At Wyrley station Markew reported that the lawyer had curtly refused his request to wait. Campbell and Parsons therefore took the first available train – the 9.53 – into Birmingham.

'Strange family,' said the Inspector, as they were crossing the canal between Bloxwich and Walsall.

'Very strange.' The Sergeant chewed his lip for a while. 'If you don't mind my saying, sir, they seemed honest enough in themselves.'

'I know what you mean. It's something the criminal classes would do well to study.'

'What's that, sir?'

'Lying no more than you need to.'

'That'll be the day.' Parsons chuckled. 'Still, you have to feel sorry for them, in a way. Happening to that sort of family. A black sheep, if you'll pardon the expression.'

'I certainly will.'

Shortly after eleven o'clock the two policemen presented themselves at 54 Newhall Street. It was a small, two-room office, with a woman secretary guarding the solicitor's door. George Edalji sat passively behind his desk, looking ill.

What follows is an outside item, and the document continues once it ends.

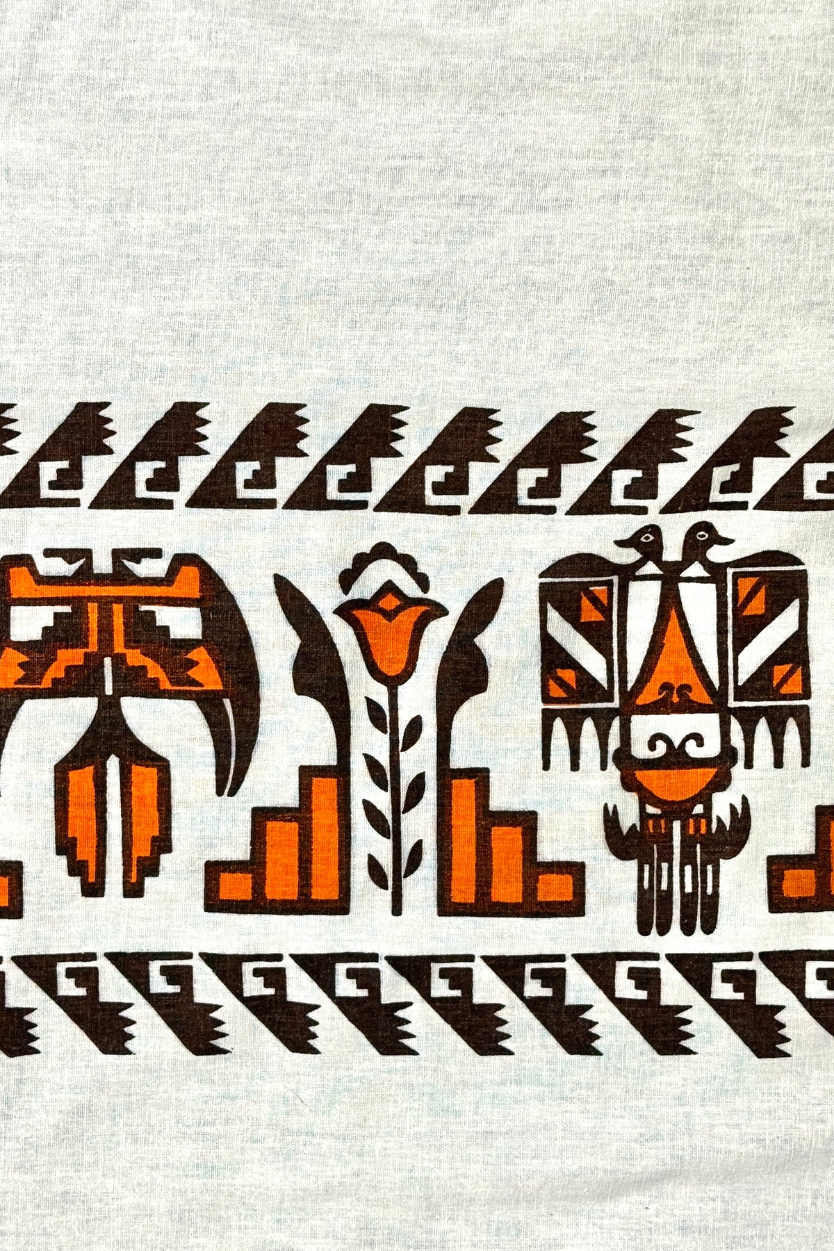 1970’S ORANGE BORDERED HAND FLAT WOVEN 56” X 80” BLANKET RUG

Campbell, alert for any sudden movement from the man, said, 'We don't want to search you here, but you must let me have your pistol.'

Edalji looked at him blankly. 'I have no pistol.'

'What's that, then?' The Inspector gestured at a long, shiny object on the desk before him.

The solicitor sounded intensely weary as he spoke. 'That, Inspector, is the key to the door of a railway carriage.'

'Just joking,' Campbell replied. But he was thinking: keys. The key to Walsall School all those years ago, and now here's another one. There's something very queer about this fellow.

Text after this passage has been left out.